Implementation Details
The model employs a sophisticated training approach with carefully tuned hyperparameters, including a learning rate of 0.75e-05, batch size of 8, and 75,000 training steps. It utilizes mixed precision training with the AdamW optimizer and implements a linear learning rate scheduler with 22,000 warmup steps.
- Supports both PyTorch and JAX-based inference
- Optimized for 30-second audio chunks
- Includes specialized decoder prompts for Telugu language
- Implements 8-bit optimization for improved efficiency
Core Capabilities
- Achieves 9.65 WER on Google FLEURS test set
- Handles diverse Telugu speech patterns and accents
- Supports batch processing for faster inference
- Compatible with both CPU and GPU environments
Frequently Asked Questions
Q: What makes this model unique?
This model stands out for its comprehensive training on multiple Telugu speech corpora and its optimization for production environments, supporting both PyTorch and JAX-based inference pipelines.
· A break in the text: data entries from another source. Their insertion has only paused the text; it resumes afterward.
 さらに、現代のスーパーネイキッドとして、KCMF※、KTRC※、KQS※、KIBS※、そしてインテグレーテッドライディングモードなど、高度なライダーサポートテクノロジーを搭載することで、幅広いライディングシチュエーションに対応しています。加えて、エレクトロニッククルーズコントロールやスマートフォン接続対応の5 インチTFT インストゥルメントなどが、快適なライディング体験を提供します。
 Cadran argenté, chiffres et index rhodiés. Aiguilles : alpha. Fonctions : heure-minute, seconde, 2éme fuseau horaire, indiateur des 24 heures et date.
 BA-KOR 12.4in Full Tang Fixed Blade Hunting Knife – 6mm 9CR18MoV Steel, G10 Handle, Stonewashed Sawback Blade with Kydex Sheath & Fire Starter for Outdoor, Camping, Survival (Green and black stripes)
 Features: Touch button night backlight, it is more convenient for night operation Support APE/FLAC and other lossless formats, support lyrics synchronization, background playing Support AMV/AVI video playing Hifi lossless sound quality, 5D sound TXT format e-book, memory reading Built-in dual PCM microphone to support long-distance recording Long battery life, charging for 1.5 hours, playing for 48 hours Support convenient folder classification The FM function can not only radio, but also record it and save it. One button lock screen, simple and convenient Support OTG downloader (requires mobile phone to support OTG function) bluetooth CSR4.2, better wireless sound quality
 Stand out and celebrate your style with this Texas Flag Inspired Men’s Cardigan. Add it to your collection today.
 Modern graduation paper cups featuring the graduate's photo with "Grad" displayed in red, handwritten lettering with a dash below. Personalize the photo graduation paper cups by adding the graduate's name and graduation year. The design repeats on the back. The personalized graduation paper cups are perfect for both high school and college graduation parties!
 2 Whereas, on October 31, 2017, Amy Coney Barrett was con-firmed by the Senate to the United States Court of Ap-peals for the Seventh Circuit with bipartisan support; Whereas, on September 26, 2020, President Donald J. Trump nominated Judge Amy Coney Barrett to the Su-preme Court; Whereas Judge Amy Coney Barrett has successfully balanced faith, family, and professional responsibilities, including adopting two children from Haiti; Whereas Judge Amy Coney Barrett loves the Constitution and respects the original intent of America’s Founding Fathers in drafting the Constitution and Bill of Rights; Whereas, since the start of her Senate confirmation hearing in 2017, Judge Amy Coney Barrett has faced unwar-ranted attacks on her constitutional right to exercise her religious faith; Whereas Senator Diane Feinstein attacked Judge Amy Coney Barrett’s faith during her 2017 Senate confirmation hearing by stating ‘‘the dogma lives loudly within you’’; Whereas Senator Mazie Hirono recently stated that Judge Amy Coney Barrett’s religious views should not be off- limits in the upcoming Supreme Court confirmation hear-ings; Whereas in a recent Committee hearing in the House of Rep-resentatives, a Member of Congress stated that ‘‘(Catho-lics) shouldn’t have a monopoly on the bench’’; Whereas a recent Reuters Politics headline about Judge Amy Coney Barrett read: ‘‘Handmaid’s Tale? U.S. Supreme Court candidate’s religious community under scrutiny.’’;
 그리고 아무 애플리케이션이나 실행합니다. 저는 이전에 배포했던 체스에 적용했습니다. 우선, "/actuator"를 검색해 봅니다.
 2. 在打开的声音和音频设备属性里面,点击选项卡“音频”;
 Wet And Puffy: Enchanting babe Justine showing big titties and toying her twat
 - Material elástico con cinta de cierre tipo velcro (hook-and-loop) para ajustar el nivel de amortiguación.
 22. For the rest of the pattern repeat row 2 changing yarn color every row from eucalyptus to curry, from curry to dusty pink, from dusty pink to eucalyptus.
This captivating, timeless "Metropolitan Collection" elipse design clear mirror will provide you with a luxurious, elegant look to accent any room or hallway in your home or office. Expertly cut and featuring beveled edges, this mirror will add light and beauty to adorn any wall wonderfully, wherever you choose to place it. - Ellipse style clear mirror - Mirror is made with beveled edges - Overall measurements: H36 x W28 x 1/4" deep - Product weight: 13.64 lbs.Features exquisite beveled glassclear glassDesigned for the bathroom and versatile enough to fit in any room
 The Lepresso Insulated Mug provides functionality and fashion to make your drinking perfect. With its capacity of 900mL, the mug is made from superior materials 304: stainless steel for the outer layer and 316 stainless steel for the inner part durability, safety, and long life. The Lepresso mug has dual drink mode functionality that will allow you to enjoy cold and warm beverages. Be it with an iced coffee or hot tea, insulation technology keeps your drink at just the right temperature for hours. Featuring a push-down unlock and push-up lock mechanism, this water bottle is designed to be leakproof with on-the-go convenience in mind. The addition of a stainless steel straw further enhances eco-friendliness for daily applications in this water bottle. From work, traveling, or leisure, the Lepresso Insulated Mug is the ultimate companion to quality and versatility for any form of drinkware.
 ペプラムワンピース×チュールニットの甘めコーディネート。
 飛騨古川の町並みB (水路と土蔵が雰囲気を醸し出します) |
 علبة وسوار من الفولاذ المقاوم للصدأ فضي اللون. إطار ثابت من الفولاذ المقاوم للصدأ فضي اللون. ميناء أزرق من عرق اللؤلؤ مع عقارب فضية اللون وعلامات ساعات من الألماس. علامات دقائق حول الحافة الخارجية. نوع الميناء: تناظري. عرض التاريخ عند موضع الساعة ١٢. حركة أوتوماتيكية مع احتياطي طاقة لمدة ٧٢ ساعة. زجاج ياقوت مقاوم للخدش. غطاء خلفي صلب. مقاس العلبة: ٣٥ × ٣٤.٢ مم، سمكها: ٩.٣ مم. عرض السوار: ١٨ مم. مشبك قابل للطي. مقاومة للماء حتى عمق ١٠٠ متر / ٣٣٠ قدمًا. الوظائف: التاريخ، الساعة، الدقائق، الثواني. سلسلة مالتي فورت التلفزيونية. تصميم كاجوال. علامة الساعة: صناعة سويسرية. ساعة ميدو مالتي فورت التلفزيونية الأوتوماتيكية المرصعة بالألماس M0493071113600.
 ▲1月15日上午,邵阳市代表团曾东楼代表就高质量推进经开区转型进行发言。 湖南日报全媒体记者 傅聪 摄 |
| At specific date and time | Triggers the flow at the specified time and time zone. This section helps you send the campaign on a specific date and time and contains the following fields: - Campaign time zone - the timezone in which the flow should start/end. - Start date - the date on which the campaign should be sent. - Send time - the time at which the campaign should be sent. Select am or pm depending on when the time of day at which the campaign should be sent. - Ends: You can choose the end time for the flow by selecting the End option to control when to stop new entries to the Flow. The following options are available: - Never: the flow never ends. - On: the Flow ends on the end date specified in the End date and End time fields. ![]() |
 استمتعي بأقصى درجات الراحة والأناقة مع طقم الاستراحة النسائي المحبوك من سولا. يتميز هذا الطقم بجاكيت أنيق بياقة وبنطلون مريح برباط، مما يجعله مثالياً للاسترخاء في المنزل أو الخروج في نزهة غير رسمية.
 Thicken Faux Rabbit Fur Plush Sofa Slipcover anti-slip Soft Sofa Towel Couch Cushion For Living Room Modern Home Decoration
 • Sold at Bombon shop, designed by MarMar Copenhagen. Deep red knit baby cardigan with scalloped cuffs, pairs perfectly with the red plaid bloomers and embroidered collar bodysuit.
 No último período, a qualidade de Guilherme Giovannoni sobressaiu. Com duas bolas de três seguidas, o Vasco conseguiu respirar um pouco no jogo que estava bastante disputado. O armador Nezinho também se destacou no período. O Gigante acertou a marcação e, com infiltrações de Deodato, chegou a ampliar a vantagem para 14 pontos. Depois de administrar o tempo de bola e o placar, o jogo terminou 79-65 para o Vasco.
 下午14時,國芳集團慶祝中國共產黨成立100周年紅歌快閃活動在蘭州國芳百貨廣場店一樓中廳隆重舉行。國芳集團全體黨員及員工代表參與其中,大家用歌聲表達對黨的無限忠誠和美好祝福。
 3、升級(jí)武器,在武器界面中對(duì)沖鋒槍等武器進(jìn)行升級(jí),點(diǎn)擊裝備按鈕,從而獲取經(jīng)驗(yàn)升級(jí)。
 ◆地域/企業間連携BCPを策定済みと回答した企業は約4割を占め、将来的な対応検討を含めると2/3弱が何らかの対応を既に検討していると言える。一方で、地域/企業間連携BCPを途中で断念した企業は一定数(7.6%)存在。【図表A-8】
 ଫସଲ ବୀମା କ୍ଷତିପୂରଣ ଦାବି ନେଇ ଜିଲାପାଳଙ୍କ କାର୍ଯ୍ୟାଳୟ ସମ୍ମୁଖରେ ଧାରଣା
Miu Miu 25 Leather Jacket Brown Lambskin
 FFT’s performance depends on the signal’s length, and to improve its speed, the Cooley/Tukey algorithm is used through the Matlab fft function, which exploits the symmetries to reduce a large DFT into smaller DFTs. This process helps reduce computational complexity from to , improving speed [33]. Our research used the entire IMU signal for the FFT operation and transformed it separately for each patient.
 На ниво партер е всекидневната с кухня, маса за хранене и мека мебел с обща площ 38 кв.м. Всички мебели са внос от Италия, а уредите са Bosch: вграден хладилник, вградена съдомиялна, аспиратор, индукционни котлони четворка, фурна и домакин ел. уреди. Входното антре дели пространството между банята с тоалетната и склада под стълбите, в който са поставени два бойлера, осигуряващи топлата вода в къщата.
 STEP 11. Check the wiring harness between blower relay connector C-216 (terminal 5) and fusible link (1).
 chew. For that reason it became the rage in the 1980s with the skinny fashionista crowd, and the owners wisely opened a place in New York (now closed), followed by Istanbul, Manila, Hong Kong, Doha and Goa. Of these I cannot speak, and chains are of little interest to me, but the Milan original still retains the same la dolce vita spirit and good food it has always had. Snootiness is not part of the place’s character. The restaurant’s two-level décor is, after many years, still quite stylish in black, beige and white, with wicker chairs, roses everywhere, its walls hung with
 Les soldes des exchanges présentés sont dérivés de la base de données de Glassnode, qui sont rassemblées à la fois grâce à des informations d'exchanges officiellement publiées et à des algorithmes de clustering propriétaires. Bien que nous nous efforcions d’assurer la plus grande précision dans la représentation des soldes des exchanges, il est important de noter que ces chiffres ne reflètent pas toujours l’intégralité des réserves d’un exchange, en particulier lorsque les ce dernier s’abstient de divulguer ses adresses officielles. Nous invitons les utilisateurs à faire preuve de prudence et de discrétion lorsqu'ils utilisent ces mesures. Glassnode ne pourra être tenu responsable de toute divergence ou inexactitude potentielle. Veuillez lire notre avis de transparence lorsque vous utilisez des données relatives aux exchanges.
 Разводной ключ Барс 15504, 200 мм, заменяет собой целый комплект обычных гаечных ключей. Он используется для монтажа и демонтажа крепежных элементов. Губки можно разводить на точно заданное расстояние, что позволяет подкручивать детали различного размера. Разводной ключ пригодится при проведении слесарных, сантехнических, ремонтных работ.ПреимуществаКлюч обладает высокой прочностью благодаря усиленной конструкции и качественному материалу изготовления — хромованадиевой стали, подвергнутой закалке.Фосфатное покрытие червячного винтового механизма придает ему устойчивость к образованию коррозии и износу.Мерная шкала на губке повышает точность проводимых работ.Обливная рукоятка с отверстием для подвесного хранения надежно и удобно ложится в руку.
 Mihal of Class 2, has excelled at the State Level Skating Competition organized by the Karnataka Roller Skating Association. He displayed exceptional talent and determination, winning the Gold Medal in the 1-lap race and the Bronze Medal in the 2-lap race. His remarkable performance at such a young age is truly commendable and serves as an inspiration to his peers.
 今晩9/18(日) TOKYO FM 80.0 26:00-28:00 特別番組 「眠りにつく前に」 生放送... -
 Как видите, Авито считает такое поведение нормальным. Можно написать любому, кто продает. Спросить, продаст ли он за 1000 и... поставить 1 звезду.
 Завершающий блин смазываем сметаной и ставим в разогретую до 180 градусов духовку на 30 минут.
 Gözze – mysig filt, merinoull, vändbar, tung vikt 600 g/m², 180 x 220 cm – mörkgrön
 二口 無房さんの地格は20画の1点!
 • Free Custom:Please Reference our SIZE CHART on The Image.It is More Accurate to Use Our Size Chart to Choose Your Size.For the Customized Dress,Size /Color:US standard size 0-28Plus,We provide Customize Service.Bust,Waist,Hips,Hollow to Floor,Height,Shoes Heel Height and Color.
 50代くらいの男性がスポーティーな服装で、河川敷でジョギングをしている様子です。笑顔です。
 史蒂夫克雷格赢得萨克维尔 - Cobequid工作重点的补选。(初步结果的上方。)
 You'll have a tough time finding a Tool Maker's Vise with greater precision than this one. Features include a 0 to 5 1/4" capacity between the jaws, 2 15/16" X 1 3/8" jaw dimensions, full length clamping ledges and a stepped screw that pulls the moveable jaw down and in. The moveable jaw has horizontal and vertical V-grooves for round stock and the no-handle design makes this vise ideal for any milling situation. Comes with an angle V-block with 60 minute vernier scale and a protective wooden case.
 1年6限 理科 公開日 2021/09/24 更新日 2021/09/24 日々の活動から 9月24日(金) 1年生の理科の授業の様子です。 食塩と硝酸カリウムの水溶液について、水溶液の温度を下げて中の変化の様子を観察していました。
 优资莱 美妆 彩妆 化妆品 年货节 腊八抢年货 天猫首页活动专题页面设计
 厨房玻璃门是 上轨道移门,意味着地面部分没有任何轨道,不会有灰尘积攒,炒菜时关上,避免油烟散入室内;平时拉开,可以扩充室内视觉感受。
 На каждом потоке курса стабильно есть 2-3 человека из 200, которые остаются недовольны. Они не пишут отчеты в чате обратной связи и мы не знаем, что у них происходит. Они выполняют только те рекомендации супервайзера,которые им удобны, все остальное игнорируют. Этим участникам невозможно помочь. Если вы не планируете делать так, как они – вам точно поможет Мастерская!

The achieved WER of 9.65 demonstrates its high accuracy in Telugu speech recognition.
Q: What are the recommended use cases?
The model is ideal for Telugu speech transcription tasks, particularly in applications requiring high accuracy and processing of longer audio segments. It's suitable for both research and production environments, with flexible deployment options using either PyTorch or JAX.